На собеседника я не глядела. Я хорошо знала, что происходит, когда на подобные расспросы следовал прямой, как шомпол, ответ про 58-ю статью. Чаще всего лицо огорошенного собеседника цепенело, будто ему нанесли личное оскорбление, и он тут же устранялся от дальнейших разговоров вообще. Интонация очередного вопроса моего попутчика оказалась ни на что такое не похожа. С неожиданной и неправдоподобной бережностью он произнёс:
– …Как же вы выдюжили такое?.. Как вынесли?.. Прорвались через это – как?
Что это было – сочувствие? Понимание?
– Не знаю, – ответила я обезоруженно.
Он стал расспрашивать: где сидела? С политическими? Или пришлось соприкасаться с уголовниками? На каких работах была? Есть ли семья? И особенно подробно – об отце:
– Отца – в тридцать седьмом? В каком месяце?
– Двадцать третьего ноября.
– А что знаете о его дальнейшей судьбе?
– Было одно письмо в тридцать восьмом году.
– Откуда?
– Из Магадана.
– …А судьба матери? Сестёр? Но вы-то? Вы?..
И тогда спросила я:
– А вы о себе расскажете?
Во время войны он летал на истребителе.
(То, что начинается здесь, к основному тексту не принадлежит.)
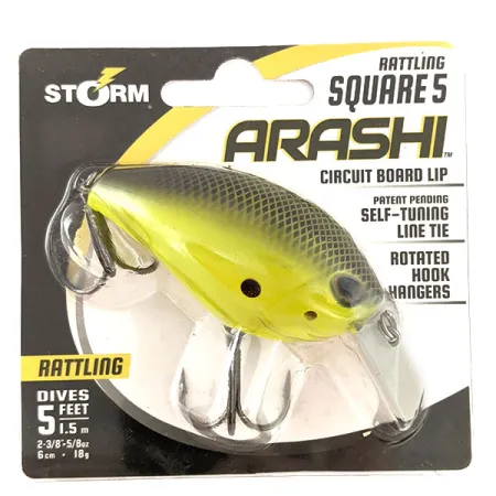 Storm Arashi Rattling Square 5 är konstruerad med en tunn, hållbar sked av kretskortsmaterial och är utformad för att nå sitt simdjup på 1,5 m (5 fot) snabbt, även vid låga hastigheter. Med en vikt på 18 g (2/3 oz) och en kroppslängd på 6 cm (2 1/4") har detta exemplar det kontrastrika Black Chartreuse Shad-mönstret, känt för sin mörka rygg med fjälltextur och tydliga sidopunkt. Utrustningen på detta oanvända bete inkluderar premium VMC-krokar säkrade i roterade kroköglor, ett designval som syftar till att minska bottennapp genom att hålla krokarna tätare mot kroppen. För konsekvent gång vid kast eller trolling har den en patentsökt självjusterande linögla som medger fri rörlighet. Betet har produktkod 11335 och levereras i originalförpackning som beskriver den interna rasselkammaren och dess flytande egenskaper. Denna specifika enhet är monterad i Indonesien.

Имел на счету не один сбитый самолёт. На третьем году войны немецким «мессершмиттом» был сбит сам. Самолёт рухнул в болото. С переломами, увечьями, он чудом остался жив. Очень хотел отстоять жизнь. Отчаянно боролся за каждый час, за каждый метр, который удавалось проползти. Компаса не было. Выбравшись из трясины, невдалеке услышал немецкую речь. Понял, что находится в окружении немцев, которые периодически прочёсывали лес. Сливался с буреломом, пережидал. От боли и голода терял сознание. Ночами наугад полз и полз к линии фронта.
– Добрались?
– Добрался.
– А затем? Лазарет?
– Нет. Затем – СМЕРШ! Допросы. Проверки… Авиация – это уже потом, изрядное время спустя. Что-то вы со мной неладное творите, Тамара Владиславовна. Я об этом только двум близким людям рассказывал.
– Я тоже мало кому говорю о своём. Никто, правда, вопросами особенно и не донимает.
– А вы не сожалейте об этом. Так-то оно и лучше. Впрочем, как знать, как знать… Может случиться, что мы с вами когда-нибудь подробнее поговорим о наших отцах…
О наших отцах? Я не ослышалась. Уточняющих вопросов задавать не стоило.
– Вернул я ваше доверие? – спросил он.
– Вернули.
Что-то уже заживало, зарубцовывалось в конце 1952 года, после войны, после проведённых в лагере лет, но ещё не стало зачерствевшей хлебной коркой. Клеточная память о грязи, о голоде, о заскорузлых, окровавленных бинтах, о потерянности и тоске, которые человек испытывал один на один с мёрзлой землёй, под холодными небесами, – была ещё жива. И хотя ташкентский попутчик принадлежал к малознакомому типу людей – внешне уверенный в себе, эдакий хрестоматийно мужественный витязь, – но и сам поезд, и «фон солдафон», и все его регалии после разговора стали как-то несущественны. «Чудом остался жив», «выполз из окружения», «терял сознание», «допросы», «СМЕРШ» – этих и других его слов хватило, чтобы ощутить, что мы рекрутированы нравом одной страны, хорошо перемолоты её историческими бедами. Мы говорили на одном языке.